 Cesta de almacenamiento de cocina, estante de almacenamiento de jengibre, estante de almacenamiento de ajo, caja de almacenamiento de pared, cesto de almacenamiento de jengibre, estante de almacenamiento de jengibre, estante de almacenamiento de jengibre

※ ※ ※

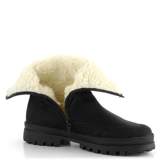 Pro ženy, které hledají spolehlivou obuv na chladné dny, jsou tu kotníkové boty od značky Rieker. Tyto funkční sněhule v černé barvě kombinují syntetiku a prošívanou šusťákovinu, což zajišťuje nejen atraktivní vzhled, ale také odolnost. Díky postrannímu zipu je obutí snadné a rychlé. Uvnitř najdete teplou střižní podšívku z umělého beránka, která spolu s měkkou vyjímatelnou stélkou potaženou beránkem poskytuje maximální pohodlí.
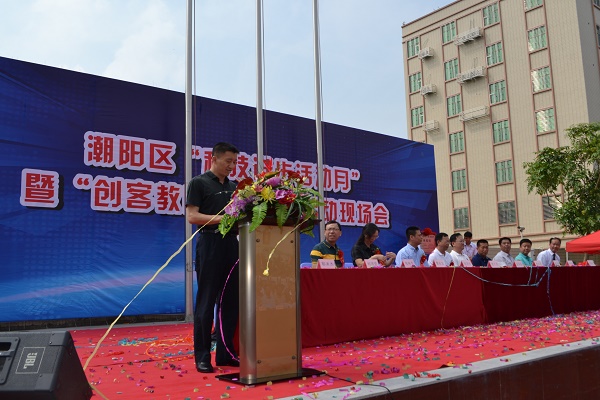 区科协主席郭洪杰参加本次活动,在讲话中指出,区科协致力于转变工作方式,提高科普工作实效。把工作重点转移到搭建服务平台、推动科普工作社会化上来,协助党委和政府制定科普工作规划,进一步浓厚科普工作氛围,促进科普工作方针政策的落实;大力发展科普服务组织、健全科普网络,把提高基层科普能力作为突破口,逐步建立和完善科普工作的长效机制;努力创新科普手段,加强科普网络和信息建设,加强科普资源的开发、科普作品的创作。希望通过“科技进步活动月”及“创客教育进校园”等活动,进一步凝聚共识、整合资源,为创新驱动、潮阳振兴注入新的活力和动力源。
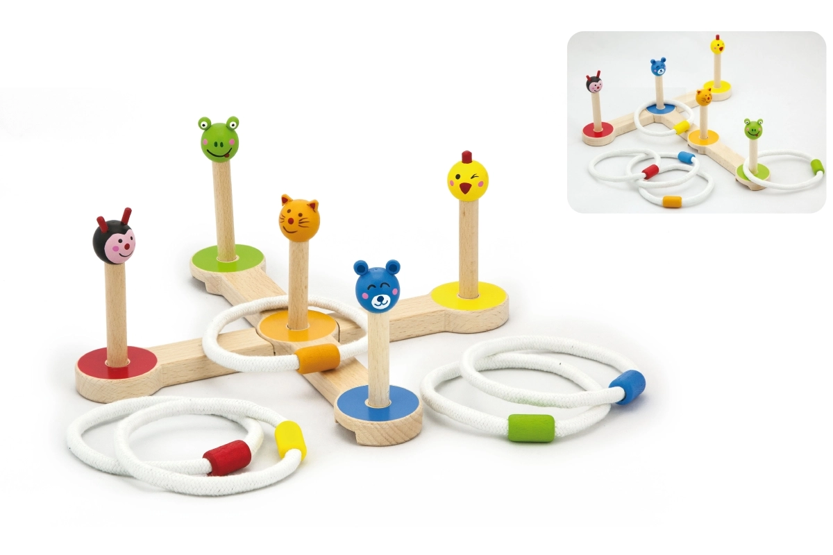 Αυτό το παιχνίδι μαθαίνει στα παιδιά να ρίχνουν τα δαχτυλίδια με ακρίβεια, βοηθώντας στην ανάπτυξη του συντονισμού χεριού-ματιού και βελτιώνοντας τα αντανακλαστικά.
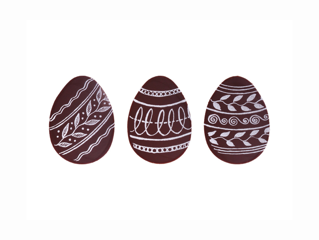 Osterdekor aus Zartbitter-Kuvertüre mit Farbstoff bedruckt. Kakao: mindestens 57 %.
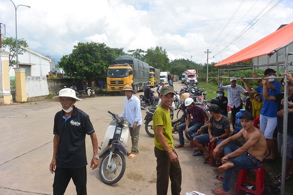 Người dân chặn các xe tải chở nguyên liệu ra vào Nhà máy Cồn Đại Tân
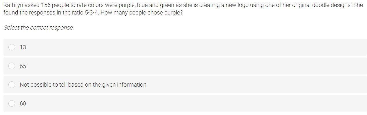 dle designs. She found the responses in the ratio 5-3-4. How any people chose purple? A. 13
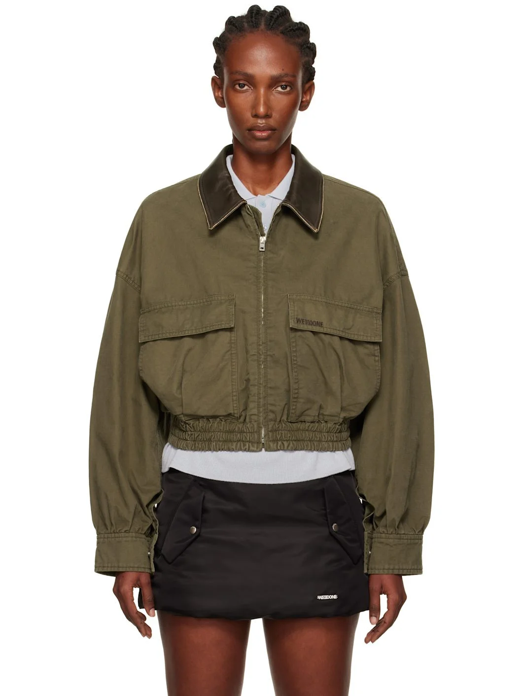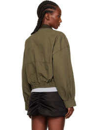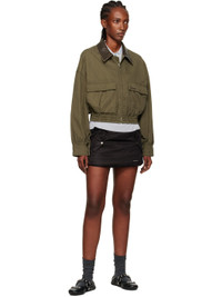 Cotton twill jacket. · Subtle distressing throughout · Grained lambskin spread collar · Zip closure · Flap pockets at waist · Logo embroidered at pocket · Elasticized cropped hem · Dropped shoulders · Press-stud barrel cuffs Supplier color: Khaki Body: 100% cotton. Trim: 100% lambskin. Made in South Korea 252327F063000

※ ※ ※

Skip every picture, and restate word for word only the lines above from the line containing "dle designs. She" to the line containing "Cotton twill jacket.", both of them included.

**Result of the exercise**
 dle designs. She found the responses in the ratio 5-3-4. How any people chose purple? A. 13
 Cotton twill jacket. · Subtle distressing throughout · Grained lambskin spread collar · Zip closure · Flap pockets at waist · Logo embroidered at pocket · Elasticized cropped hem · Dropped shoulders · Press-stud barrel cuffs Supplier color: Khaki Body: 100% cotton. Trim: 100% lambskin. Made in South Korea 252327F063000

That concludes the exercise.